By regarding the molecular complexity of LTP as more of a headache than a reality, Sanes and Lichtman have missed the importance of a wonderful new tool; the computer. Over the past 5 years, the computing power available on a desktop has skyrocketed. Consequently, it is now possible to create simulations of complex biological pathways of a size that would have overwhelmed desktop computers a few years ago. Biochemists are notoriously skeptical of computer models of large metabolic pathways and with good reason. In the past, many such models have incorporated so many arbitrary variables that the resulting simulations often bore little resemblance to experimental reality.

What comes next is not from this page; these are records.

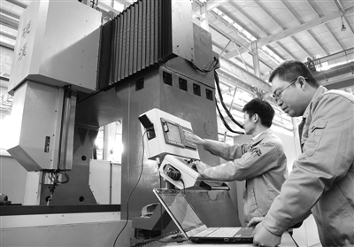 12月5日,由重庆硬汉数控机床有限公司自主研制的DMV系列龙门式切削中心机投产。该产品填补了重庆市精密大型机床制造行业的空白。图为技术人员在装配车间内对大型龙门数控机床进行跑合测试。
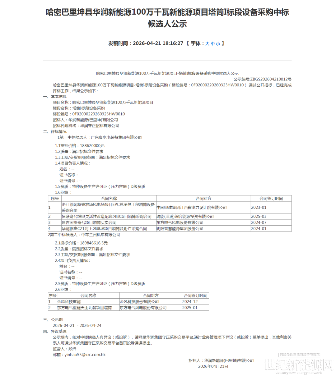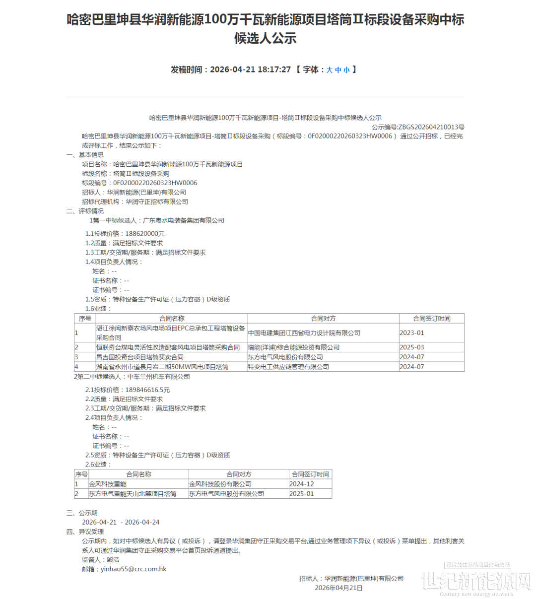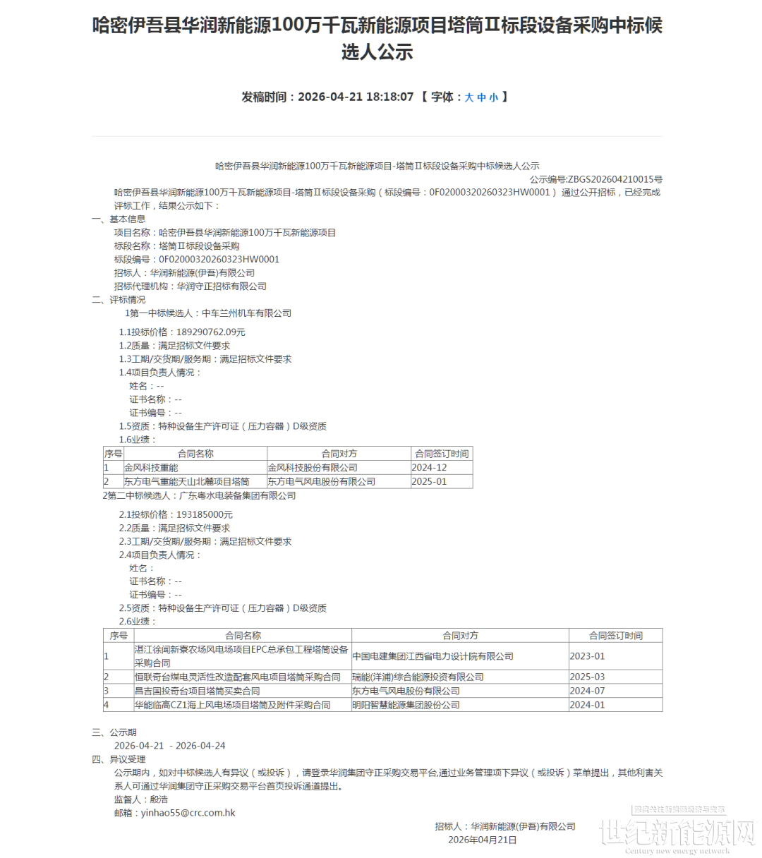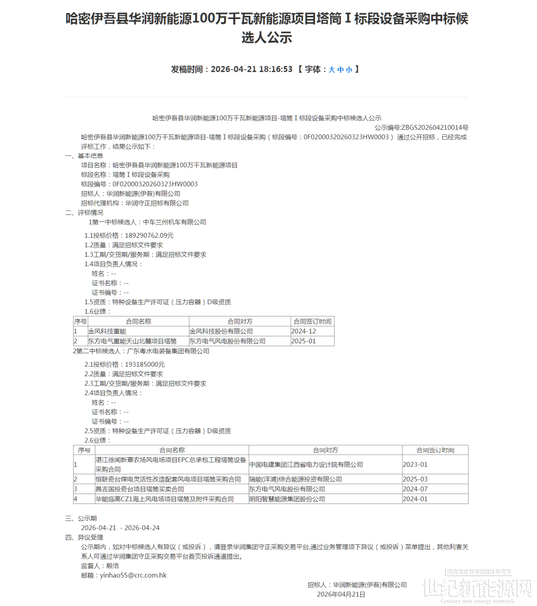 根据公示显示,广东粤水电装备集团有限公司预中标哈密巴里坤县华润新能源100万千瓦新能源项目;中车兰州机车有限公司预中标哈密伊吾县华润新能源100万千瓦新能源项目。
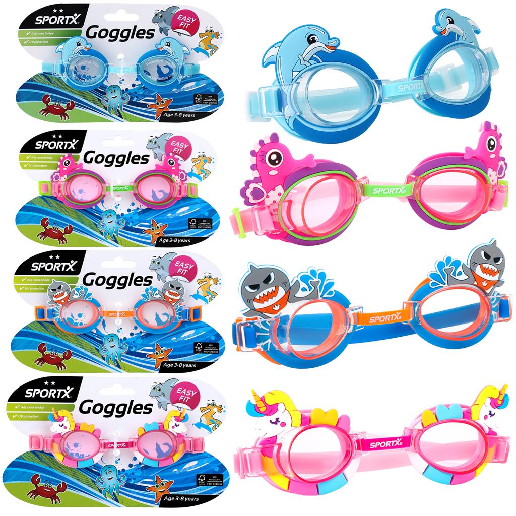 SportX Kids svømmebriller i en sjov dyreform: delfin, enhjørning, haj og søhest. Kvalitet to stjerner. Med justerbar næsebro, justerbar silikone pandebånd, sikkerhedslinser og UV-beskyttelse. Leveres i 4 assorterede størrelser på kortet. Velegnet til børn fra 3 til 8 år.
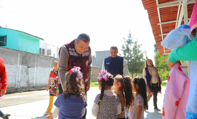 Morelia, Michoacán, a 12 de diciembre de 2025.- El diputado Juan Carlos Barragán visitó un preescolar para conocer las necesidades y llevar el programa Échale una Mano a las Escuelas, un esfuerzo ciudadano que ya ha beneficiado a más de 950 planteles en colonias, comunidades y tenencias de Morelia.
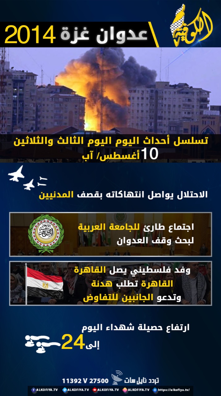 عدوان غزة 2014.. تسلسل أحداث اليوم الثالث والثلاثين
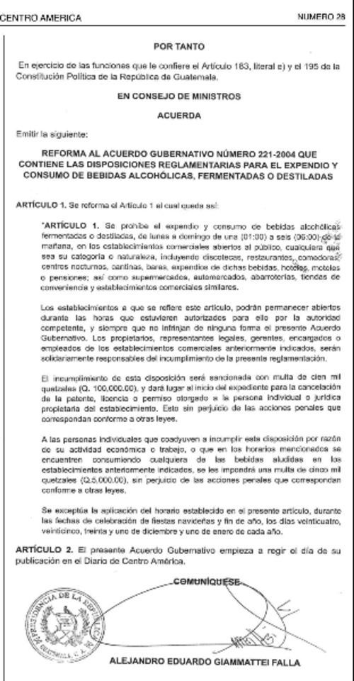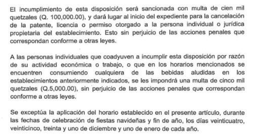 El establecimiento que incumpla estas medidas recibirá una multa de Q100,000, así como retirarle la patente o permiso comercial para continuar sus operaciones.
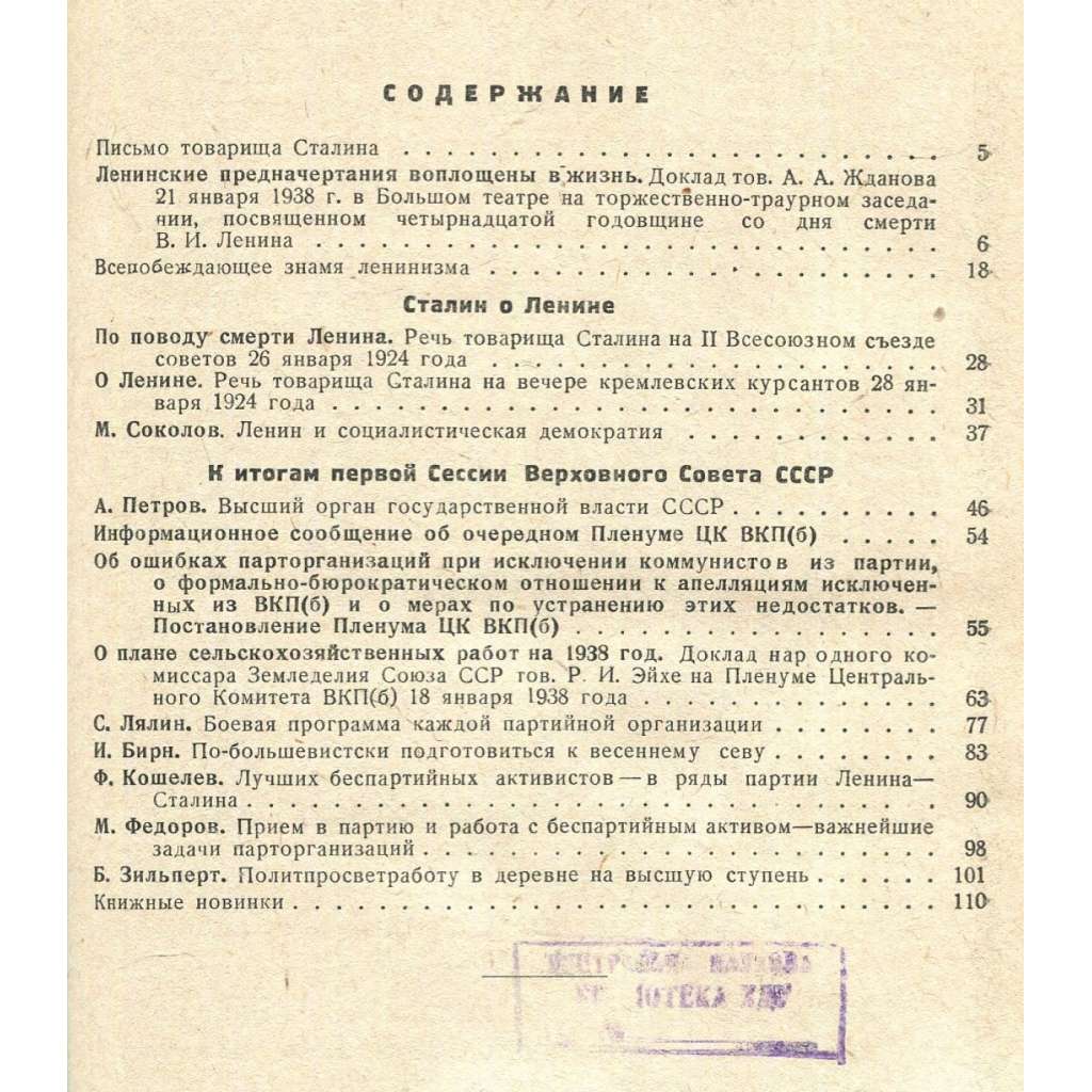 Sovětský časopis z dob vrcholného stalinismu; určen pro stranické aktivisty působící na vesnici. Viz naskenovaný obsah čísla 1–2. Svazek obsahuje čísla 1–2, 3, 6 a 7 z roku 1938.

The task now is to develop efficient programming methods, gather appropriate quantitative data to plug into the simulations, and finally, to devise appropriate and efficient experimental tests of different simulations. A number of groups have already begun assembling programming methods (Weng et al. 1999). One effort that seems especially promising for simulating synaptic transmission and signal transduction in a spine is based on a program originally conceived and written in the Salpeter laboratory at Cornell University (Bartol et al. 1991; Stiles et al. 1996); the recently expanded and newly termed MCell (T. Bartol, J. Stiles, T. Sejnowski, M. Salpeter, E. Salpeter, unpubl.;www.mcell.cnl.salk.edu). However, devising appropriate experimental tests of complex simulations will be particularly important because it will provide the means to trim away inappropriate models and home in on those that simulate real biological systems. The experimental tests will need to examine both the predicted biochemical network and the predicted synaptic output. Thus, they will likely incorporate temporal and spatial measurements of reaction points in the biochemical network, such as fluctuations in calcium concentration and phosphorylation of particular proteins, as well as electrophysiological measurements of synaptic output.

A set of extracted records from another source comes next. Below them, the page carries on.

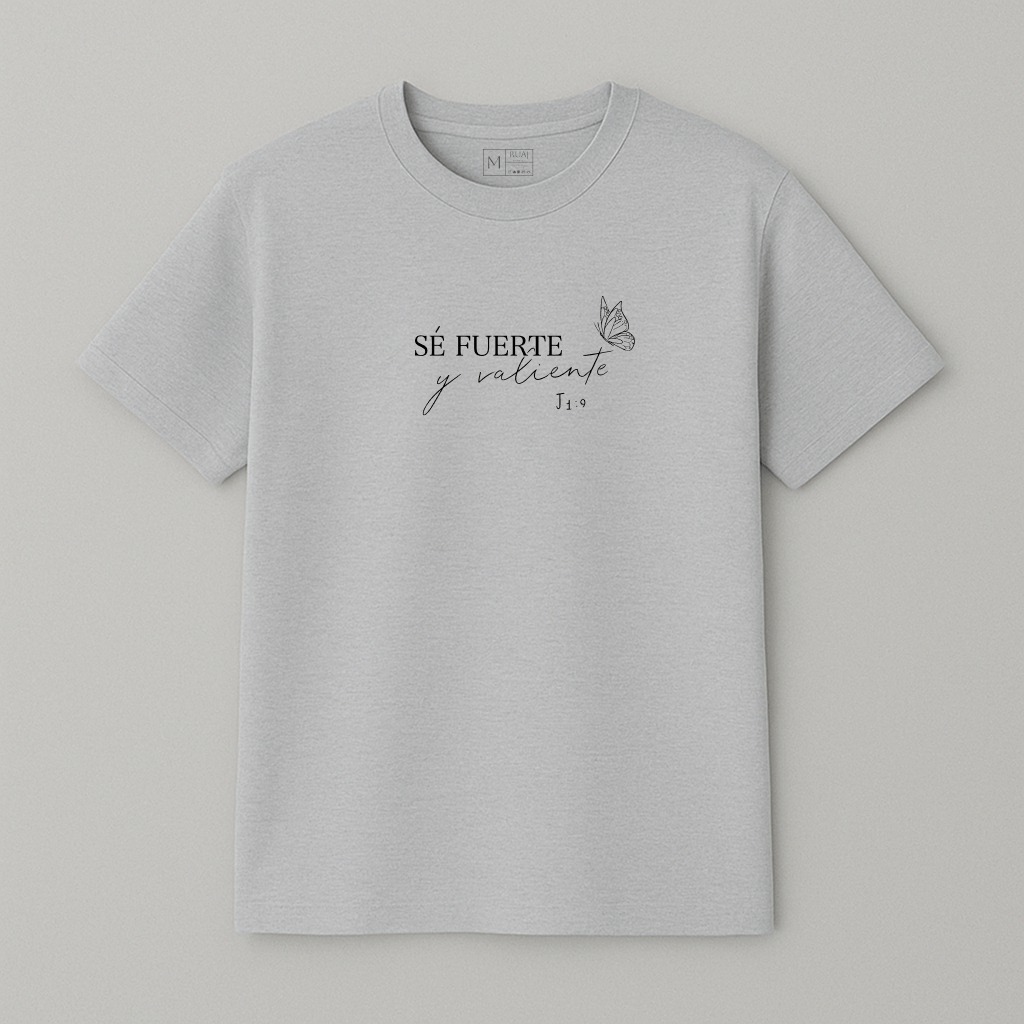 Camiseta premium 200 g en algodón peruano con el estampado “Se fuerte y valiente”. Suave al tacto, respirable y duradera. Ideal para uso diario.
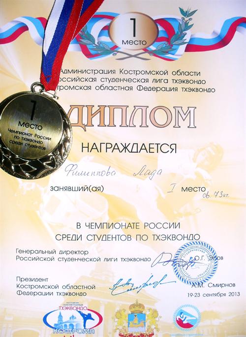С 20 по 23 сентября в г. Косторома проходил Чемпионат Российской студенческой лиги по тхэквондо (ВТФ). В соревнованиях участвовало 188 спортсменов из 84 ВУЗов страны. Среди них и студентка ЦНСПО КГЭУ - Лада Филиппова.
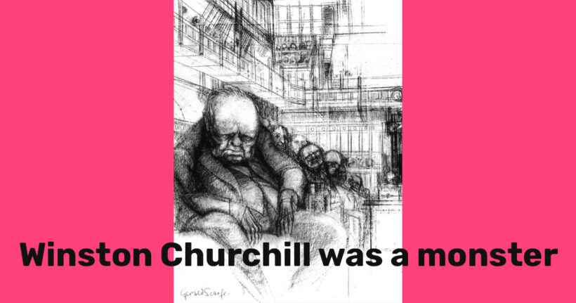 Per tutta la sua vita Churchill fu un fiero, impenitente sostenitore del razzismo, del colonialismo, del genocidio, del militarismo, delle armi chimiche, delle armi nucleari e della crudeltà in generale, e per di più sfacciatamente arrogante su tutto questo. Era un feroce oppositore di qualsiasi uso o sviluppo della democrazia, dall’estensione del voto alle donne in su. Era parecchio odiato, spesso fischiato e contestato, e talvolta violentemente attaccato, sia nell’Inghilterra del suo tempo che in gran parte del resto del mondo, per i suoi reazionari abusi nei confronti dei lavoratori, compresi gli operai delle miniere in sciopero contro i quali impiegò l’esercito, per non parlare dell’atteggiamento guerrafondaio.

The tone of the Sanes and Lichtman article seemed ultimately pessimistic to me. However, I don't feel pessimistic at all about the future of molecular studies of synaptic plasticity. To quote Bray (1997), one of the pioneers in analysis of complex signal transduction, “The data are accumulating and the computers are humming. What we lack are the words, the grammar, and the syntax of the new language.” We have nearly assembled all of the words, now it's on to the grammar and the syntax.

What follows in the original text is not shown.